La troisième mission identifiée est d'être une arme contre la désinformation. Le service public de l'audiovisuel doit mener le combat pour la véracité et lutter contre le relativisme. Il a un rôle à jouer en matière d'aide à la compréhension des enjeux, de hiérarchisation de l'information afin de faire de chacun un citoyen éclairé.

La satisfaction exprimée par les Français au sujet des programmes proposés par les médias de l'audiovisuel public est modérée. Une courte majorité se déclare satisfaits : 56 % parmi lesquels 8 % sont très satisfaits, ce qui ne démontre pas une forte adhésion. Ce taux de satisfaction est inférieur à ceux enregistrés dans les autres pays européens, à l'exception de l'Italie. Les Britanniques expriment notamment une très forte satisfaction à l'égard des programmes de la BBC - 86 % - soit 30 points de plus par rapport à la France, ce qui constitue un écart considérable. L'Allemagne et l'Espagne présentent des taux de satisfaction très corrects : 61 % et 60 % respectivement.

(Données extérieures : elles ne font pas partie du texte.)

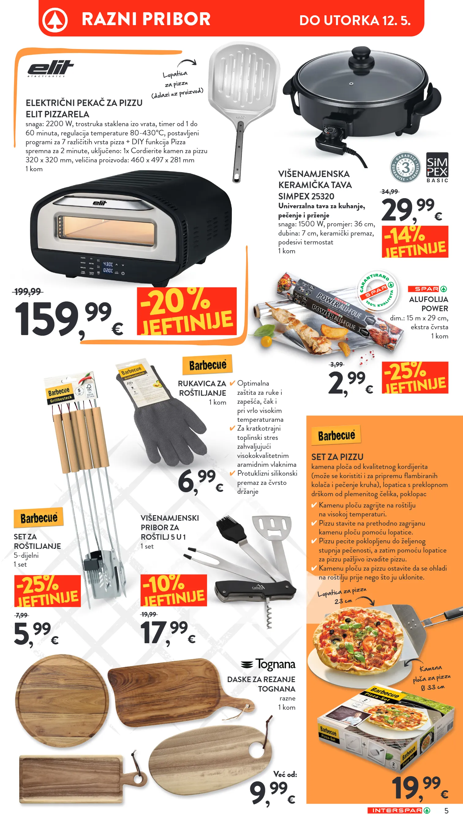 19 , 99 € 9 , 99 € već od: 159 , 99 € 199,99 -20 % jeftinije set za pizzu kamena ploča od kvalitetnog kordijerita (može se koristiti i za pripremu flambiranih kolača i pečenje kruha), lopatica s preklopnom drškom od plemenitog čelika, poklopac ✔ kamenu ploču zagrijte na roštilju na visokoj temperaturi. ✔ pizzu stavite na prethodno zagrijanu kamenu ploču pomoću lopatice. ✔ pizzu pecite poklopljenu do željenog stupnja pečenosti, a zatim pomoću lopatice za pizzu pažljivo izvadite pizzu. ✔ kamenu ploču za pizzu ostavite da se ohladi na roštilju prije nego što ju uklonite. 29 , 99 € 34,99 2 , 99 € 3,99 5 , 99 € 7,99 17 , 99 € 19,99 6 , 99 € -14% jeftinije -25% jeftinije -25% jeftinije -10% jeftinije električni pekač za pizzu elit pizzarela snaga: 2200 w, trostruka staklena izo vrata, timer od 1 do 60 minuta, regulacija temperature 80-430°c, postavljeni programi za 7 različitih vrsta pizza + diy funkcija pizza spremna za 2 minute, uključeno: 1x cordierite kamen za pizzu 320 x 320 mm, veličina proizvoda: 460 x 497 x 281 mm 1 kom višenamjenska keramička tava simpex 25320 univerzalna tava za kuhanje, pečenje i prženje snaga: 1500 w, promjer: 36 cm, dubina: 7 cm, keramički premaz, podesivi termostat 1 kom alufolija power dim.: 15 m x 29 cm, ekstra čvrsta 1 kom set za roštiljanje 5-dijelni 1 set višenamjenski pribor za roštilj 5 u 1 1 set daske za rezanje tognana razne 1 kom ✔ optimalna zaštita za ruke i zapešća, čak i pri vrlo visokim temperaturama ✔ za kratkotrajni toplinski stres zahvaljujući visokokvalitetnim aramidnim vlaknima ✔ protuklizni silikonski premaz za čvrsto držanje rukavica za roštiljanje 1 kom lopatica za pizzu 23 cm lopatica za pizzu (dolazi uz proizvod) kamena ploča za pizzu ø 33 cm 5 razni pribor do utorka 12. 5.
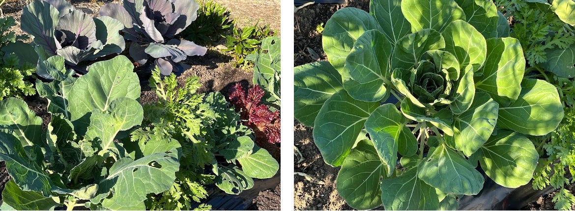 秋冬野菜にはアブラナ科の野菜の種や苗を植えました。ブロッコリー、芽キャベツ、キャベツ、カリフラワー、ケール、コールラビ、カブ、ハクサイなどがアブラナ科です。
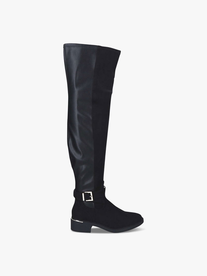 The Tabby Boot from Kurt Geiger features a two tone black exterior with a wide black buckle with gold detailing.
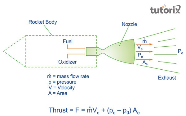 火箭发动机中储存的氧化剂和燃料在燃烧室中点燃。这种燃烧产生大量高温高压的废气。这种热废气通过喷嘴,有助于加速气流(Hashim、Karmakar & Roy,2019)。推力通常是根据牛顿的第三运动定律产生的。
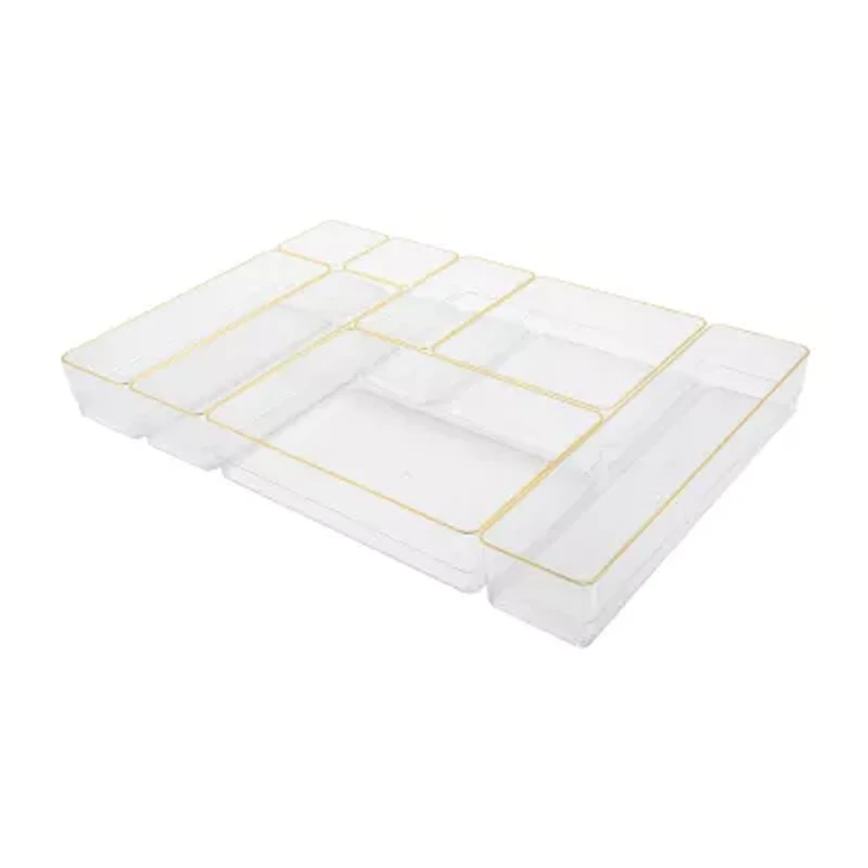 Thoughtful, functional storage is at your fingertips with this variety set of 8 Martha Stewart Kerry stackable organizers. Clear, bpa-free plastic bins are elevated by beautiful gold trim and can be configured on demand for a custom fit in a drawer or on top of your work surface. Recessed bottoms allow the components to slide from side to side for quick access and stack vertically making them an ideal storage solution for small spaces. Non-slip feet ensure these organizer trays stay where you put them and the sophisticated, versatile design multitasks in countless other living spaces requiring tidy, clutter-free surfaces.

Lorsque nous interrogeons les Français pour connaître leur perception des médias du service public, ils louent les qualités intrinsèques du service public : information, rôle éducatif, vecteur des valeurs démocratiques, éthique, rôle fédérateur... Ils font part également d'un certain nombre de griefs qui expliquent la part d'insatisfaction globale. Ainsi, une très faible majorité estime que les médias du service public sont indépendants des pouvoirs économiques - cela pose la question de la publicité - et des pouvoirs politiques. Ils remettent également en cause leur objectivité. Sur un autre registre, les médias publics sont jugés « vieillots » et « ennuyeux » - le taux monte à plus de 60 % chez les jeunes. La question de la modernité et de l'innovation est donc posée aux médias du service public. D'une manière générale, la perception est beaucoup plus positive dans les autres pays européens, en particulier au Royaume-Uni.

La troisième et dernière partie de notre étude concerne l'avenir de l'audiovisuel public.

Nous avons posé plusieurs questions afin de connaître la position des Français sur des sujets ciblés.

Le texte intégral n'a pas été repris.